On all three types of sleep measures (self-report, PSG, and actigraphy), women showed more problems with sleep maintenance than sleep onset. These observations are consistent with findings from a recent meta-analysis that showed greater problems with sleep maintenance with aging (4
). Valerian may not be a good choice for treating sleep maintenance insomnia given findings from a recent pharmacokinetic study that showed valerenic acid (a pharmacologically active marker compound for valerian) was increased in serum within an hour, and no detectable levels were observed four hours after administration (56
). This pharmacokinetic pattern avoids residual sedation in the morning, and suggests that, if valerian was beneficial as a sleep aid, effects would most likely facilitate sleep onset. However, the results from our recent extensive review of the literature did not find evidence to support the efficacy of valerian to treat sleep onset insomnia. Our observation of increased nocturnal wakefulness on PSG after two weeks of valerian provides evidence that valerian has the potential to increase problems with sleep maintenance in older women.
We had hoped that the results of this phase 2 clinical trial would provide preliminary data from a well-defined sample of older women with insomnia for a larger study of valerian effects on sleep. Had valerian shown similar improvement in sleep as had been reported in a previous clinical trial comparing a hypnotic to placebo in older adults with insomnia (57
) a sample size of 15 would have provided 81% power to detect a 10% increase in self-reported sleep efficiency (95% confidence interval 3.68-16.32) and a 7% increase in PSG sleep efficiency (95% confidence interval 2.17-11.83). Although the findings from this study are limited by the stringent eligibility criteria and small sample size, the lack
of a valerian effect to improve sleep outcomes was clear; a finding consistent with evidence from several other recently published rigorous trials of valerian. Any future research on valerian could be focused on the potential efficacy of different valerian preparation types, such as tinctures, rather than the typical testing of over-the-counter products. Future research on herbal therapies for insomnia could also report, and possibly limit the sample to specific types of insomnia symptoms (e.g., sleep onset problems versus sleep maintenance problems). Such specificity would clarify whether or not a product is differentially efficacious depending on the symptom pattern.

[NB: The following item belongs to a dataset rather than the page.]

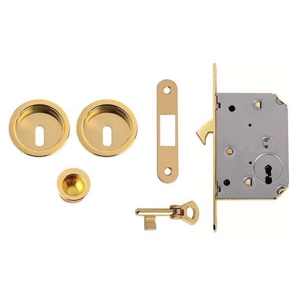 Kit tondo con nottolino + nottolino con trascinatore e serratura per porta scorrevole NIC 101 Comit.

In summary, a phase 2 randomized crossover trial both of one day and two-week nightly valerian treatment did not improve self-reports, PSG, or actigraphic sleep outcomes in older women with insomnia. No improvement occurred in PSG sleep outcomes with either valerian or placebo; conversely, nocturnal wakefulness increased more with valerian. Thus, we do not recommend use of valerian for sleep disturbance in older women with insomnia.